Location: Palazzo Ducale, Cortile degli Svizzeri 1
Opening times: Monday – Thursday 3pm – 7:30pm / Friday – Sunday 10am – 7: 30pm


FERDINANDO SCIANNA – FESTE RELIGIOSE IN SICILIA

While preparing this exhibition, fifty-seven years after Feste Religiose in Sicilia was published, I realized I have done no more than three or four exhibitions with these images. When I started taking those photographs, leaving Bagheria, I wasn’t even 17, and when the book came out, accompanied by the remarkable preface by Leonardo Sciascia, I was just 21.

It all started from that book: my story as a man and as a photographer.

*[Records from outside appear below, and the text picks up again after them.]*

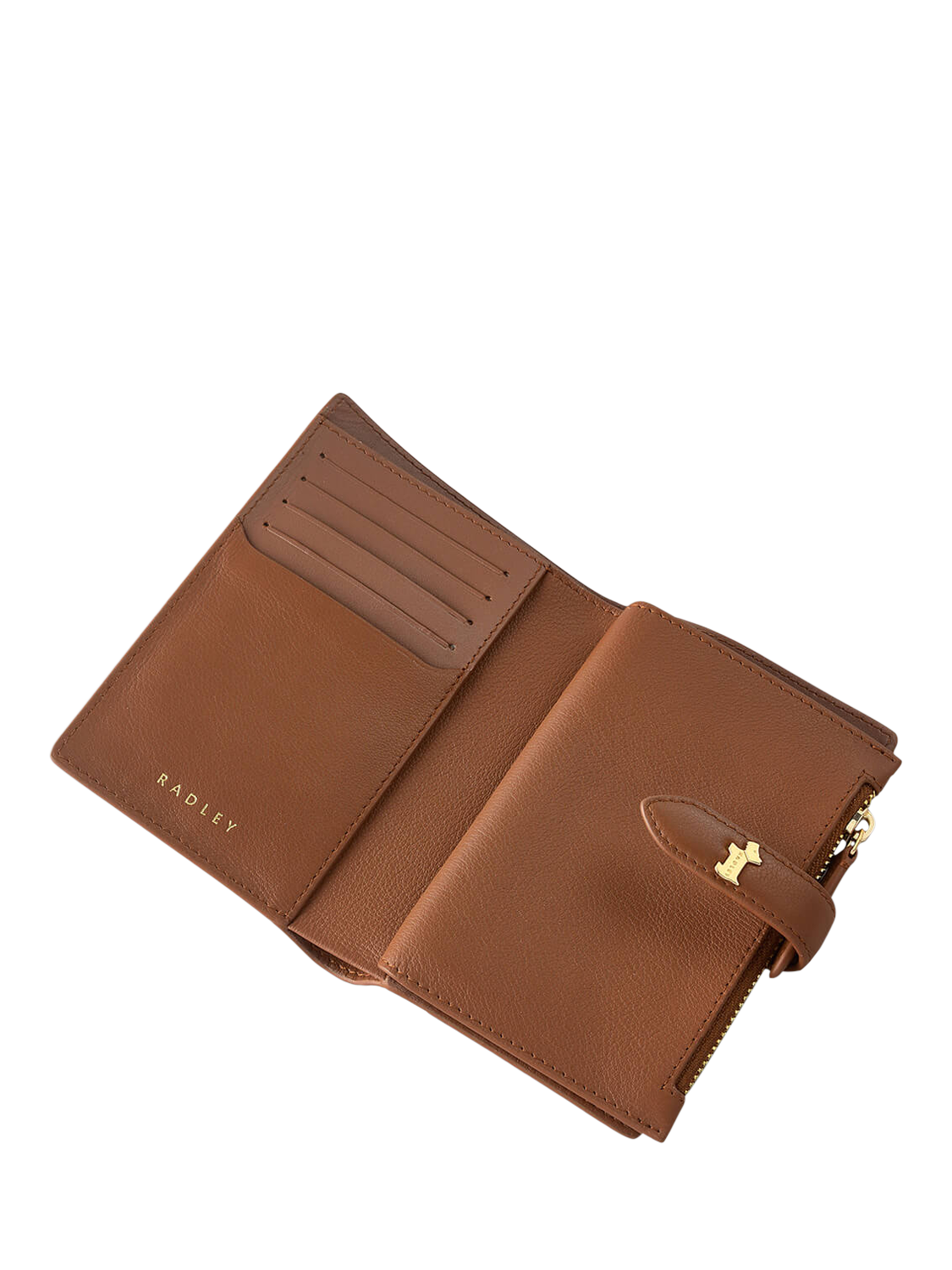 Based on a previous Radley bestseller, the Willis Street purse is an updated shape with signature, coveted details. Made with grained leather and a dog studded press stud tab, it opens like a booklet to reveal modern, functional interiors with space for every card and coin.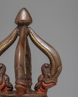 This piece, which embodies power, clarity, and enlightenment, is significant in rituals and meditation. Oxidized copper has a timeless quality that adds depth, transforming it from an artifact into a powerful symbol in spiritual practices that is suitable for both collectors and practitioners.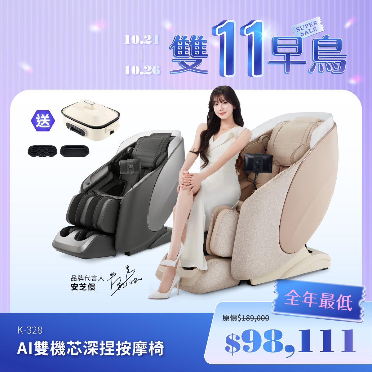 K-328-SP(雙11早鳥預購)AI 雙機芯深捏按摩椅原價189,000特惠價98,111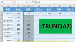 这个函数可能大家有点陌生,但它是用来截取数字指定位数的函数,在下图中公式=trunc(A2),省略了第二个参数,即表示不截取小数点后位数,即只截取整数,其结果与int函数是完全相同的。

Since then, in almost sixty years of work and passion, I have made so many books, more than one a year. And I am not talking about “commercial” books, as I call them, created to make a living, I’m only talking about those made to live, a real diary of my obsessions.

And yet I always feel somewhat uncomfortable talking about Feste Religiose in Sicilia.

I was too young, too ignorant. I ended up wondering who took those photographs.

I understood after that talent, which back then was so generously recognized, is a mysterious gift of which you have no merit. Same as having blue or black eyes.

To be a photographer, with tireless obsession, I learned later, by doing it every day for over half a century.

However I know, I’ve always known, that the seeds of what I have done later, both for various topics I’ve come to develop, both for the form of my photographs, can all be found in that small book, as well as in the admiration for photographers and the writers I’ve loved.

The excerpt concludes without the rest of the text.